If this is true, it means that the IRS’s record-keeping is utterly inadequate. It has no systematic record of the decisions made and actions taken by IRS employees. Within six months, all centrally located and accessible email records–which, in today’s world, means more than 90% of the relevant documents–are gone. Records of the agency’s actions exist, after that time–if they exist at all–only on individual desktop or laptop computers, from which they cannot be accessed or reviewed in any efficient way. And forget about hard drive crashes, what happens when an employee gets a new computer, or is replaced by a new employee with his or her own computer?

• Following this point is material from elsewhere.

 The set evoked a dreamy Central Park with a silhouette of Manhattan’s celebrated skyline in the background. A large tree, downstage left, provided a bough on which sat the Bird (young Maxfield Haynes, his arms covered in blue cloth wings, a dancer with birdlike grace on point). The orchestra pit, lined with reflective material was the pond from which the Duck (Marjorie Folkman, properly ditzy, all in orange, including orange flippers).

Are emails systematically copied from one computer to another so that the IRS will have a record of what the employee has done, assuming that the employee took the trouble to archive them in the first place? I doubt it.
My opinion of the federal government’s efficiency is not high, but I find it hard to believe that this is really how the IRS manages its records. I am not a tax lawyer, but I assume that any corporation subjected to an IRS audit, or any other kind of government investigation, that had this lousy a system of preserving records would be crucified.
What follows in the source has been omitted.